That you don't care to follow the development in the TPP tells me that you are reading tabloids. Trade policy is boring, thus few headlines, but powerful, thus conspiracy theories. It's hardly done in secret, good newspapers report on it steadily. 

That the US is pushing stricter IP laws, and especially enforcement, is hardly surprising. If you were really against IP rights you would make T|A wholly publicly run, at least make everybody here a moderator. That's not to say that the US IP laws are products of reason, but then again, what US made anything is?

Fast tracking a deal which is expected to grow total US GDP by 1-3% every year from interventionist congressmen is hardly surprising. It's easy to point out who the losers will be, the winners are yet to be decided. 

Though your nationalist propaganda is cute and all, it's still nationalism and propaganda. And that's just not pretty.

 

This is a massive pile of bullcrap.

Thanks for the warning, Arcus. I did find your post to be exactly that.

That you don't care to follow the development in the TPP tells me that you are reading tabloids. Trade policy is boring, thus few headlines, but powerful, thus conspiracy theories. It's hardly done in secret, good newspapers report on it steadily. 

The TTP negotiation sessions are carried out in secret. This is why 30 law school professors from the participating countries wrote to the US ambassador asking him to end the secrecy and make the negotiations transparent.

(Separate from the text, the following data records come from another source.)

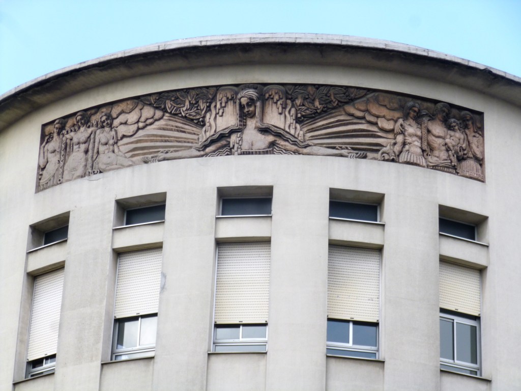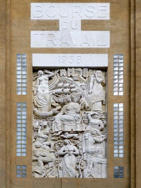 Sculptor Alfred Janniot created the allegorical bas-relief stone carving for the façade. This large bas-relief depicts activities which contributed to the city’s wealth and good fortune, notably grape growing and wine making. There is a clear connection between it and the even larger relief Janniot made for the Palais du Tokyo in Paris at around the same time.
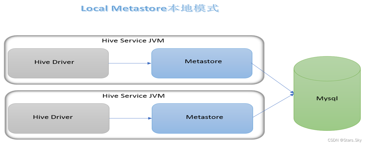 本地模式(Local Metastore)下,Metastore 服务与主 HiveServer 进程在同一进程中运行,但是存储元数据的数据库在单独的进程中运行,并且可以在单独的主机上。metastore 服务将通过 JDBC 与 metastore 数据库进行通信。
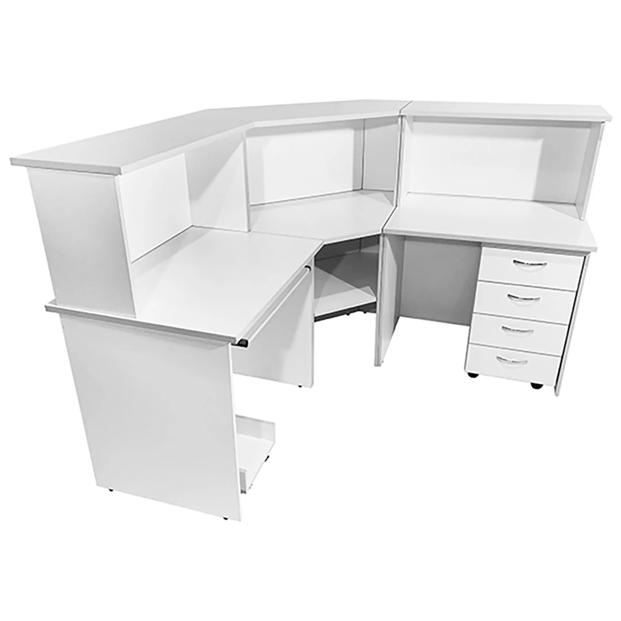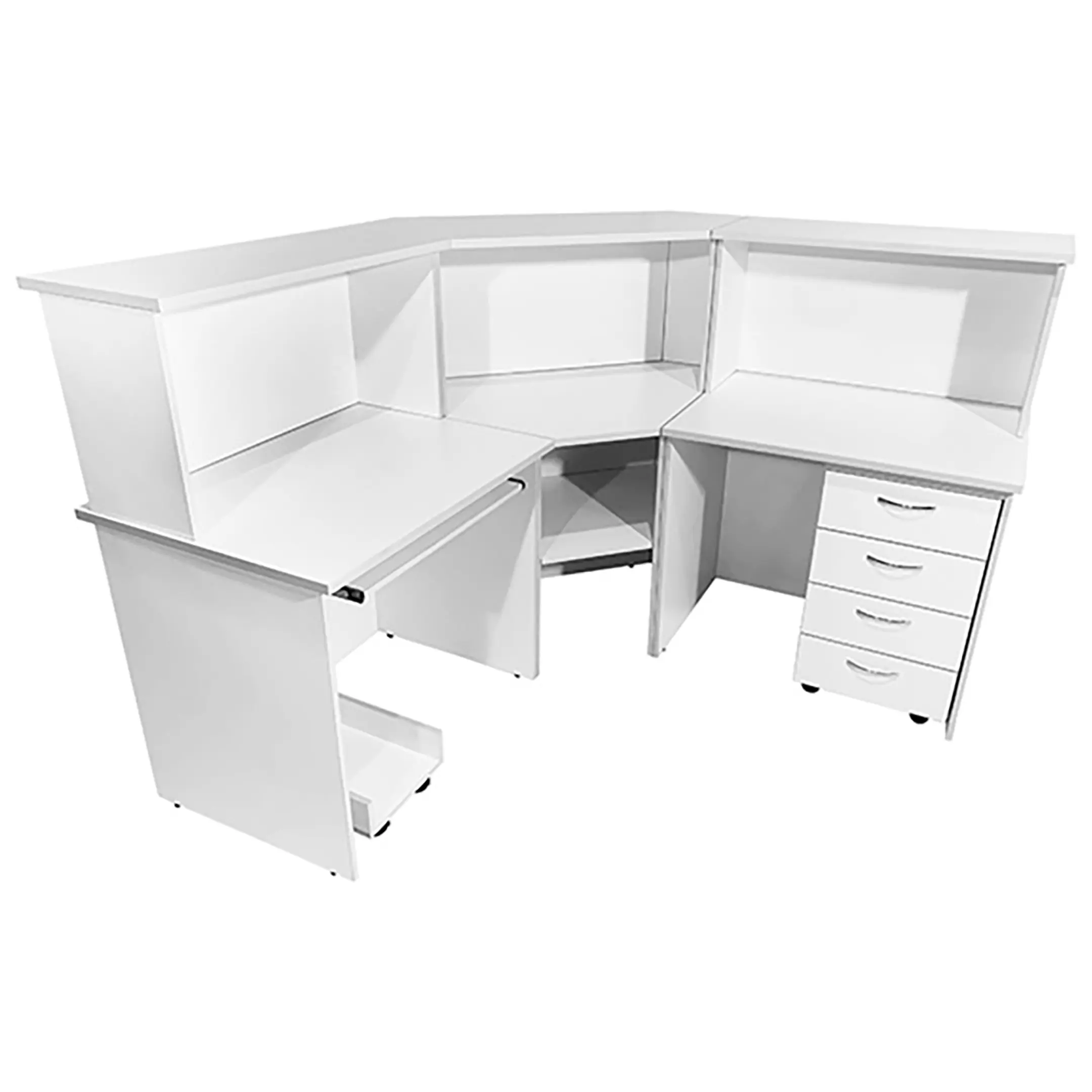 Стол-пост медицинский MD СтП 11.01 (белый) — это надежное и функциональное угловое решение для создания удобного рабочего места администратора в медицинских учреждениях. Модель выполнена из ЛДСП, имеет надстройку сверху, нишу под угловой столешницей, платформу для системного блока, полку для клавиатуры слева и тумбу с четырьмя выдвижными ящиками.
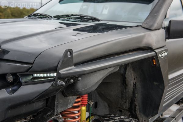 Известно, что Grand Cherokee не отличается жесткостью передней части, на серьезном бездорожье кузов «ходит» так, что трескается лобовое стекло, поэтому в «Гранде» Романа передние колесные арки представляют собой короба из двухмиллиметрового железа, связанные с вваренными в кузов порогами и передними стойками. Передние крылья также защищены силовыми продольными планками. В результате «валить подлесок» можно, не опасаясь повреждений. Шноркель интегрирован в левое крыло и никуда не выпирает.
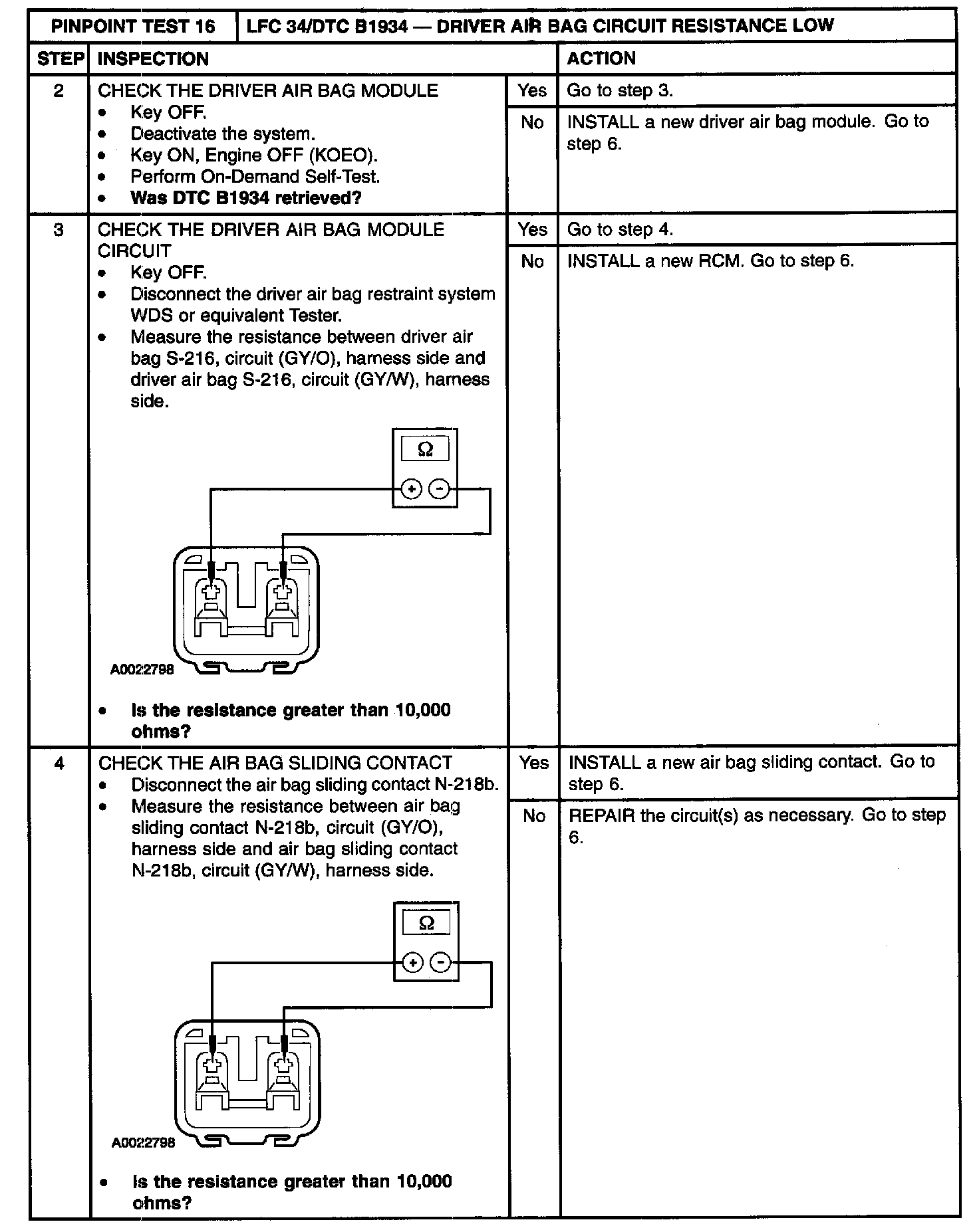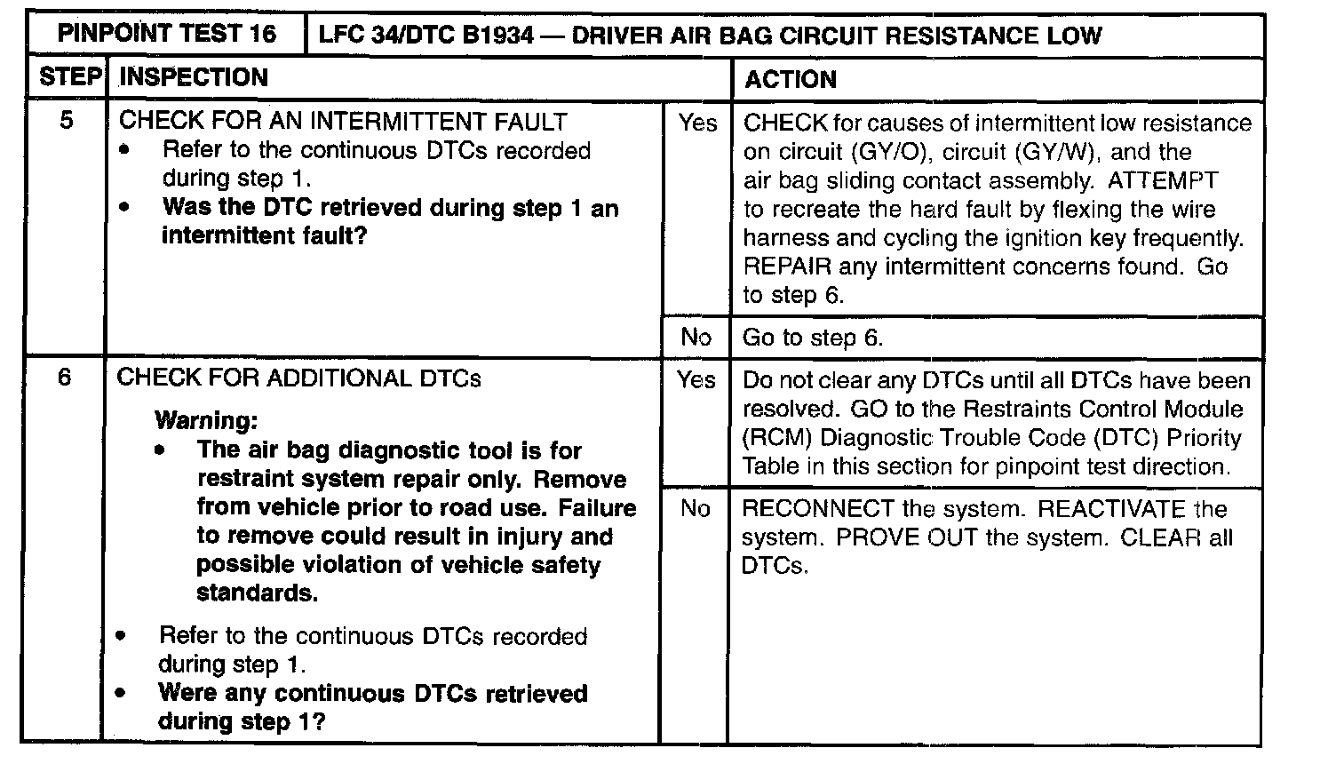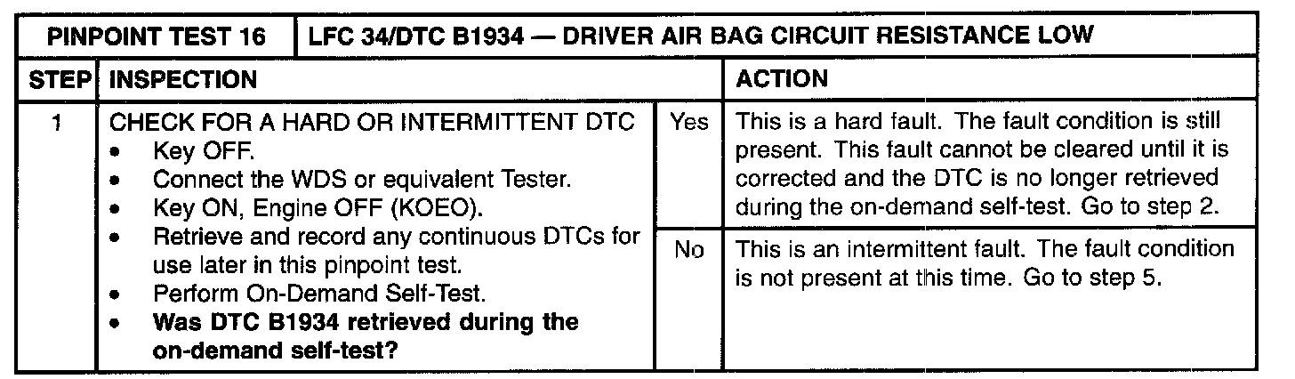 Pinpoint Test 16: LFC 34/DTC B1934 - Driver Air Bag Circuit Resistance LowNormal Operation
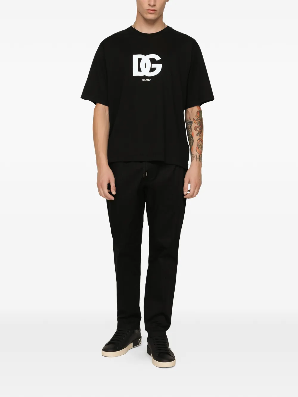 Dolce & Gabbana(ドルチェ & ガッバーナ)の、ロゴ スウェットパンツ(ブラック)。ドローストリング付きの伸縮性ウエストバンド、サイドポケット、リラックスフィット。

This is why US Senator Ron Wyden read the following statement upon introducing a bill to the US Senate that would make such negotiations transparent:

"It may be the U.S. Trade Representative’s, USTR, current job to negotiate trade agreements on behalf of the United States, but Article 1 Section 8 of the U.S. Constitution gives Congress—not the USTR or any other member of the Executive Branch—the responsibility of regulating foreign commerce. It was our Founding Fathers’ intention to ensure that the laws and policies that govern the American people take into account the interests of all the American people, not just a privileged few. Yet, the majority of Congress is being kept in the dark as to the substance of the TPP negotiations, while representatives of U.S. corporations-- like Halliburton, Chevron, PHRMA, Comcast, and the Motion Picture Association of America—are being consulted and made privy to details of the agreement. As the Office of the USTR will tell you, the President gives it broad power to keep information about the trade policies it advances and negotiates, secret. Let me tell you, the USTR is making full use of this authority."

You might want to actually read those newspapers, Arcus.

That the US is pushing stricter IP laws, and especially enforcement, is hardly surprising.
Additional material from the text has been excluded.